*** Opening of SOURCE MATERIAL ***
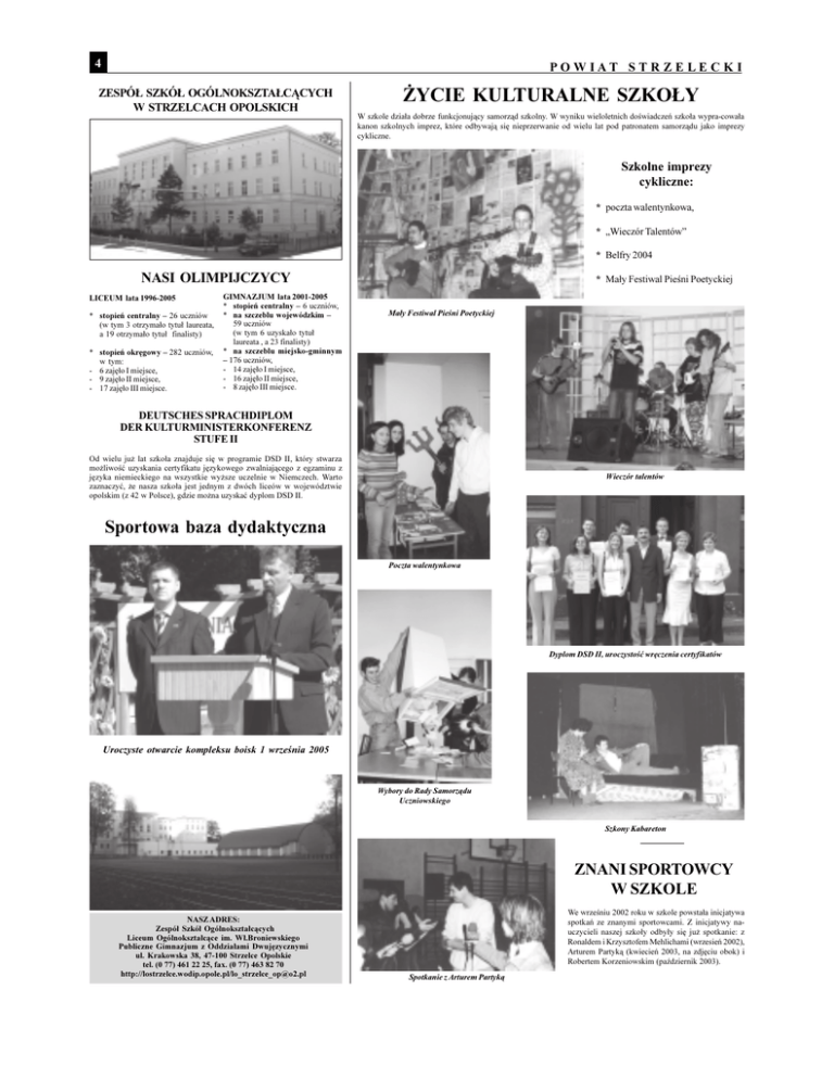 4 P O W I A T ¯YCIE KULTURALNE SZKO£Y ZESPÓ£ SZKÓ£ OGÓLNOKSZTA£C¥CYCH W STRZELCACH OPOLSKICH S T R Z E L E C K I W szkole dzia³a dobrze funkcjonuj¹cy samorz¹d szkolny. W wyniku wieloletnich dowiadczeñ szko³a wypra-cowa³a kanon szkolnych imprez, które odbywaj¹ siê nieprzerwanie od wielu lat pod patronatem samorz¹du jako imprezy cykliczne. Szkolne imprezy cykliczne: * poczta walentynkowa, * Wieczór Talentów * Belfry 2004 NASI OLIMPIJCZYCY LICEUM lata 1996-2005 GIMNAZJUM lata 2001-2005 * * * stopieñ centralny 26 uczniów Ma³y Festiwal Pieni Poetyckiej 59 uczniów (w tym 3 otrzyma³o tytu³ laureata, a 19 otrzyma³o tytu³ stopieñ centralny 6 uczniów, na szczeblu wojewódzkim * Ma³y Festiwal Pieni Poetyckiej (w tym 6 uzyska³o tytu³ finalisty) laureata , a 23 finalisty) stopieñ okrêgowy 282 uczniów, * w tym: 176 uczniów, - 6 zajê³o I miejsce, - - 9 zajê³o II miejsce, - 16 zajê³o II miejsce, - 17 zajê³o III miejsce. - 8 zajê³o III miejsce. * na szczeblu miejsko-gminnym 14 zajê³o I miejsce, DEUTSCHES SPRACHDIPLOM DER KULTURMINISTERKONFERENZ STUFE II Od wielu ju¿ lat szko³a znajduje siê w programie DSD II, który stwarza mo¿liwoæ uzyskania certyfikatu jêzykowego zwalniaj¹cego z egzaminu z Wieczór talentów jêzyka niemieckiego na wszystkie wy¿sze uczelnie w Niemczech. Warto zaznaczyæ, ¿e nasza szko³a jest jednym z dwóch liceów w województwie opolskim (z 42 w Polsce), gdzie mo¿na uzyskaæ dyplom DSD II. Sportowa baza dydaktyczna Poczta walentynkowa Dyplom DSD II, uroczystoæ wrêczenia certyfikatów Uroczyste otwarcie kompleksu boisk 1 wrzenia 2005 Wybory do Rady Samorz¹du Uczniowskiego Szkony Kabareton ZNANI SPORTOWCY W SZKOLE We wrzeniu 2002 roku w szkole powsta³a inicjatywa NASZ ADRES: spotkañ ze znanymi sportowcami. Z inicjatywy na- Zespó³ Szkó³ Ogólnokszta³c¹cych uczycieli naszej szko³y odby³y siê ju¿ spotkanie: z Liceum Ogólnokszta³c¹ce im. W³.Broniewskiego Ronaldem i Krzysztofem Mehlichami (wrzesieñ 2002), Publiczne Gimnazjum z Oddzia³ami Dwujêzycznymi Arturem Partyk¹ (kwiecieñ 2003, na zdjêciu obok) i ul. Krakowska 38, 47-100 Strzelce Opolskie Robertem Korzeniowskim (padziernik 2003). tel. (0 77) 461 22 25, fax. (0 77) 463 82 70 http://lostrzelce.wodip.opole.pl/[email protected] Spotkanie z Arturem Partyk¹
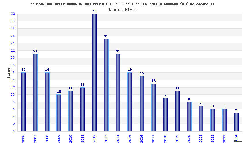 | Anno | Firme | Importi | Media | Naz. | Reg. | Prov. | Comu. |
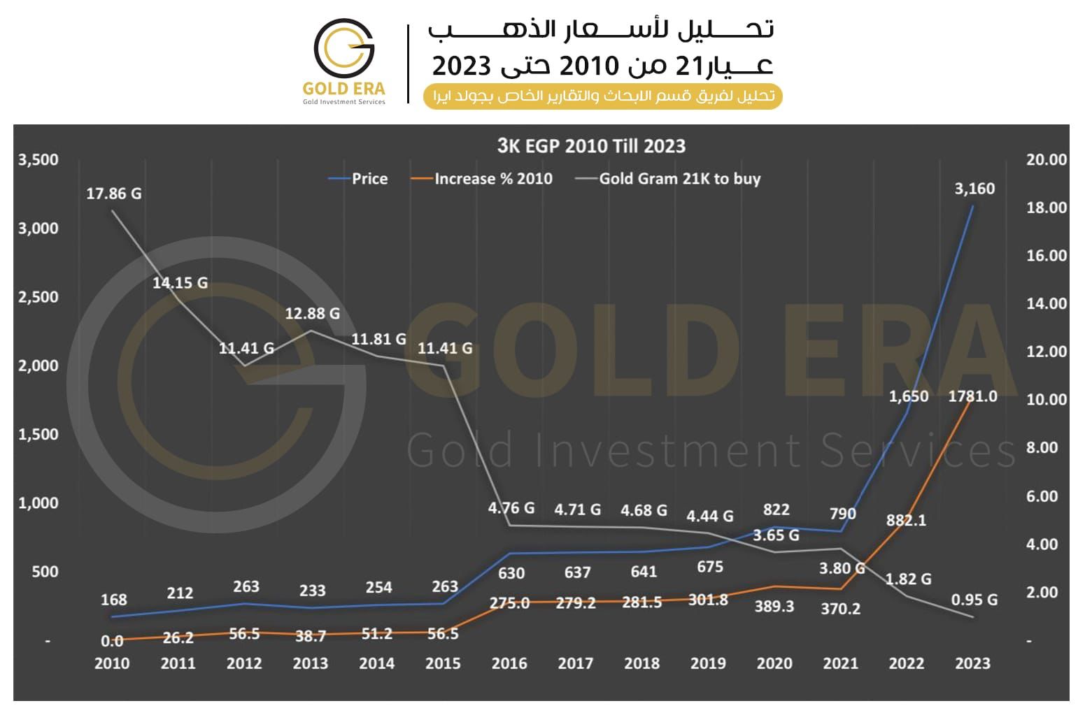 قال أسامة زرعي، المدير الإقليمي لشركة جولد إيرا في مصر، إن سعر جرام الذهب عيار 21 افتتح تعاملات عام 2010 عند مستوى 168 جنيهًا، واختتم تعاملات عام 2023 عند مستوى 3160 جنيهًا، بنسبة ارتفاع بلغت 1781 %.
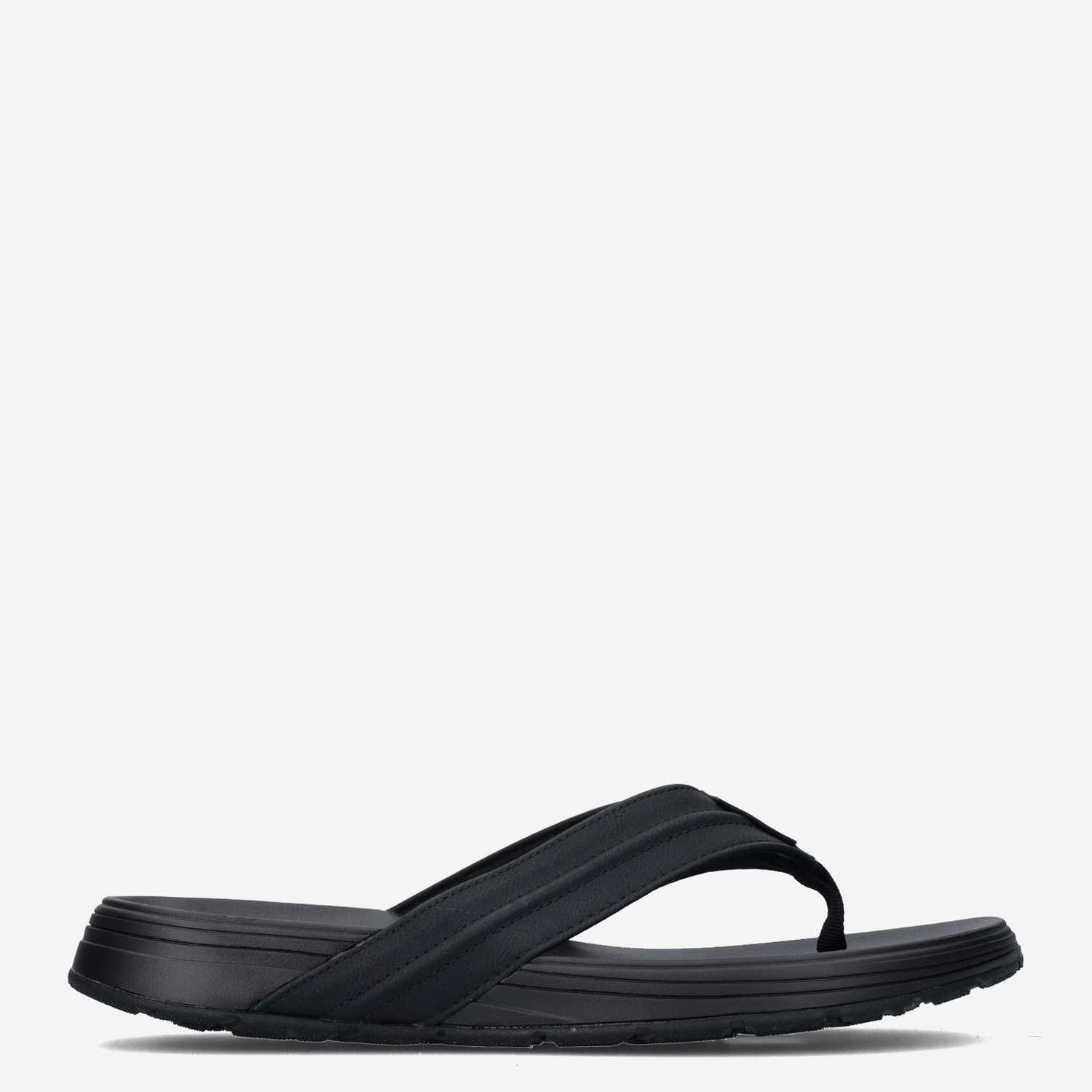 Deze zwarte Patino herenslipper van Skechers is gemaakt van leer in combinatie met synthetische materialen. Deze teenslipper is voorzien van een comfortabel voetbed en kun je goed combineren onder een korte broek!
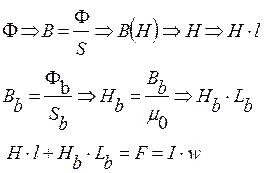 В случае задачи обратной по заданным значениям F = Iw, размерам магнитопровода lk, Sk и кривым намагничивания определяют магнитные потоки в магнитопроводах.
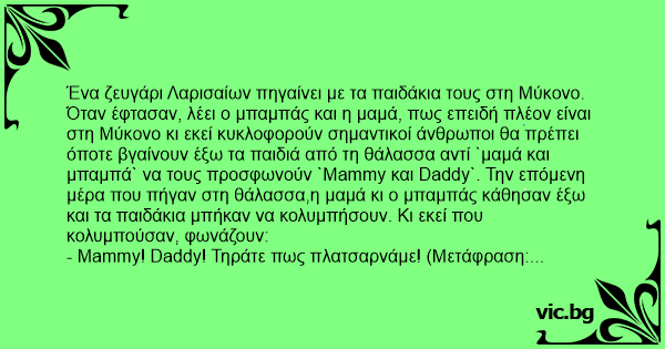 Ένα ζευγάρι Λαρισαίων πηγαίνει με τα παιδάκια τους στη Μύκονο. Όταν έφτασαν, λέει ο μπαμπάς και η μαμά, πως επειδή πλέον είναι στη Μύκονο κι εκεί κυκλοφορούν σημαντικοί άνθρωποι θα πρέπει όποτε βγαίνουν έξω τα παιδιά από τη θάλασσα αντί `μαμά και μπαμπά` να τους προσφωνούν `Mammy και Daddy`. Την επόμενη μέρα που πήγαν στη θάλασσα,η μαμά κι ο μπαμπάς κάθησαν έξω και τα παιδάκια μπήκαν να κολυμπήσουν. Κι εκεί που κολυμπούσαν, φωνάζουν: - Mammy! Daddy! Τηράτε πως πλατσαρνάμε! (Μετάφραση: Κοιτάξτε πως κολυμπάμε)
*** Close of SOURCE MATERIAL ***
EXERCISE OBJECTIVE: Copy each line of the records precisely and drop any images they hold.

RESPONSE TO THE EXERCISE:
 4 P O W I A T ¯YCIE KULTURALNE SZKO£Y ZESPÓ£ SZKÓ£ OGÓLNOKSZTA£C¥CYCH W STRZELCACH OPOLSKICH S T R Z E L E C K I W szkole dzia³a dobrze funkcjonuj¹cy samorz¹d szkolny. W wyniku wieloletnich dowiadczeñ szko³a wypra-cowa³a kanon szkolnych imprez, które odbywaj¹ siê nieprzerwanie od wielu lat pod patronatem samorz¹du jako imprezy cykliczne. Szkolne imprezy cykliczne: * poczta walentynkowa, * Wieczór Talentów * Belfry 2004 NASI OLIMPIJCZYCY LICEUM lata 1996-2005 GIMNAZJUM lata 2001-2005 * * * stopieñ centralny 26 uczniów Ma³y Festiwal Pieni Poetyckiej 59 uczniów (w tym 3 otrzyma³o tytu³ laureata, a 19 otrzyma³o tytu³ stopieñ centralny 6 uczniów, na szczeblu wojewódzkim * Ma³y Festiwal Pieni Poetyckiej (w tym 6 uzyska³o tytu³ finalisty) laureata , a 23 finalisty) stopieñ okrêgowy 282 uczniów, * w tym: 176 uczniów, - 6 zajê³o I miejsce, - - 9 zajê³o II miejsce, - 16 zajê³o II miejsce, - 17 zajê³o III miejsce. - 8 zajê³o III miejsce. * na szczeblu miejsko-gminnym 14 zajê³o I miejsce, DEUTSCHES SPRACHDIPLOM DER KULTURMINISTERKONFERENZ STUFE II Od wielu ju¿ lat szko³a znajduje siê w programie DSD II, który stwarza mo¿liwoæ uzyskania certyfikatu jêzykowego zwalniaj¹cego z egzaminu z Wieczór talentów jêzyka niemieckiego na wszystkie wy¿sze uczelnie w Niemczech. Warto zaznaczyæ, ¿e nasza szko³a jest jednym z dwóch liceów w województwie opolskim (z 42 w Polsce), gdzie mo¿na uzyskaæ dyplom DSD II. Sportowa baza dydaktyczna Poczta walentynkowa Dyplom DSD II, uroczystoæ wrêczenia certyfikatów Uroczyste otwarcie kompleksu boisk 1 wrzenia 2005 Wybory do Rady Samorz¹du Uczniowskiego Szkony Kabareton ZNANI SPORTOWCY W SZKOLE We wrzeniu 2002 roku w szkole powsta³a inicjatywa NASZ ADRES: spotkañ ze znanymi sportowcami. Z inicjatywy na- Zespó³ Szkó³ Ogólnokszta³c¹cych uczycieli naszej szko³y odby³y siê ju¿ spotkanie: z Liceum Ogólnokszta³c¹ce im. W³.Broniewskiego Ronaldem i Krzysztofem Mehlichami (wrzesieñ 2002), Publiczne Gimnazjum z Oddzia³ami Dwujêzycznymi Arturem Partyk¹ (kwiecieñ 2003, na zdjêciu obok) i ul. Krakowska 38, 47-100 Strzelce Opolskie Robertem Korzeniowskim (padziernik 2003). tel. (0 77) 461 22 25, fax. (0 77) 463 82 70 http://lostrzelce.wodip.opole.pl/[email protected] Spotkanie z Arturem Partyk¹
 | Anno | Firme | Importi | Media | Naz. | Reg. | Prov. | Comu. |
 قال أسامة زرعي، المدير الإقليمي لشركة جولد إيرا في مصر، إن سعر جرام الذهب عيار 21 افتتح تعاملات عام 2010 عند مستوى 168 جنيهًا، واختتم تعاملات عام 2023 عند مستوى 3160 جنيهًا، بنسبة ارتفاع بلغت 1781 %.
 Deze zwarte Patino herenslipper van Skechers is gemaakt van leer in combinatie met synthetische materialen. Deze teenslipper is voorzien van een comfortabel voetbed en kun je goed combineren onder een korte broek!
 В случае задачи обратной по заданным значениям F = Iw, размерам магнитопровода lk, Sk и кривым намагничивания определяют магнитные потоки в магнитопроводах.
 Ένα ζευγάρι Λαρισαίων πηγαίνει με τα παιδάκια τους στη Μύκονο. Όταν έφτασαν, λέει ο μπαμπάς και η μαμά, πως επειδή πλέον είναι στη Μύκονο κι εκεί κυκλοφορούν σημαντικοί άνθρωποι θα πρέπει όποτε βγαίνουν έξω τα παιδιά από τη θάλασσα αντί `μαμά και μπαμπά` να τους προσφωνούν `Mammy και Daddy`. Την επόμενη μέρα που πήγαν στη θάλασσα,η μαμά κι ο μπαμπάς κάθησαν έξω και τα παιδάκια μπήκαν να κολυμπήσουν. Κι εκεί που κολυμπούσαν, φωνάζουν: - Mammy! Daddy! Τηράτε πως πλατσαρνάμε! (Μετάφραση: Κοιτάξτε πως κολυμπάμε)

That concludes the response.